Rebecca Wilder says you shouldn't get your hopes up based upon today's uptick in industrial production:
Sorry folks but industrial production screams recession: Today the Federal Reserve reported an unexpected 1.3% surge in October industrial production. Capacity utilization increased to 76.4%, and production in manufacturing, mining, and utilities grew 0.6%, 6.1%, and 0.4%, respectively. Consumer goods production increased 1.3%, while business equipment production fell another 2.2% (following a September 7.1% decline). Sounds great, right? Wrong.
One could curtly say that the downward trend is broken, but alas, we are in a recession right now, and good news is for the birds.
September industrial production growth was revised downward almost 1.0% to a 3.7% contraction. And furthermore, the Boeing strike and Hurricanes Gustav and Ike played their part in upward-biasing the data.
The chart (click to enlarge) illustrates monthly industrial production spanning 2006-2008 in levels (the index) and in annual growth rates (for all you y/y buffs on the right axis) as reported by the Fed and also without the effects of the Boeing strike and Hurricanes Gustav and Ike.

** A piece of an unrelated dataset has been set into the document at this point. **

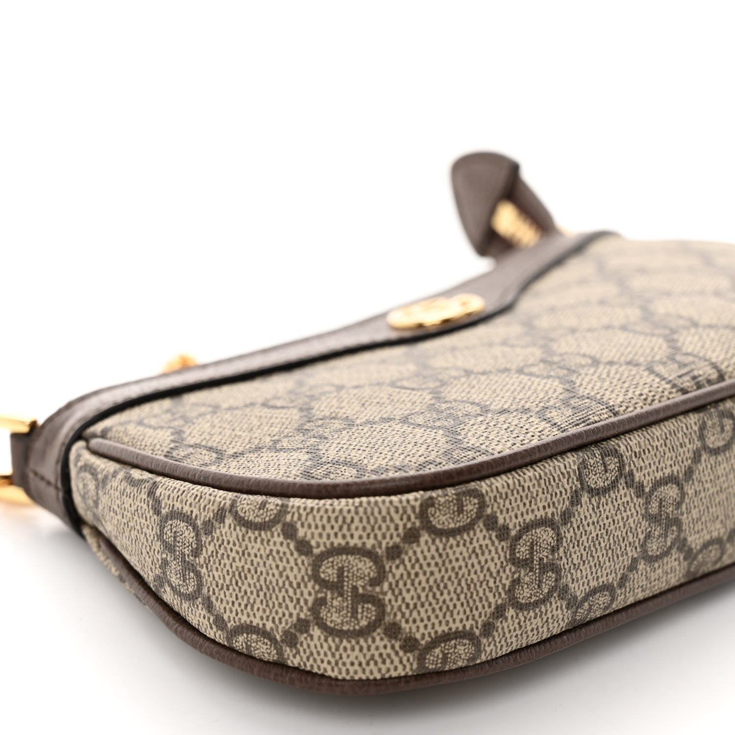 This is an authentic GUCCI GG Supreme Monogram Textured Dollar Calfskin Mini Ophidia Chain Bag in Beige, Ebony, and New Acero. This chic shoulder bag is finely crafted of brown on beige Gucci monogram-coated canvas. The bag features brown leather trim and polished gold hardware. The top zipper opens the bag to a beige microfiber interior with a card slot.Follow this item for alerts. Gucci is a registered trademark of Gucci. FASHIONPHILE is not affiliated with Gucci.

Without the super sizing effect of the strike and hurricanes, industrial production continued its nose dive that started in August and is down almost
12%6% over the year. This is a significant and negative development in the only monthly measure of U.S. production.
The October industrial production release is just another piece of the recession puzzle for the National Bureau of Economic Research’s (NBER), where one more of its five major indicators - labor, wholesale and retail sales, industrial production, gross domestic product, and personal income – show that the economy is neck-deep in a recession.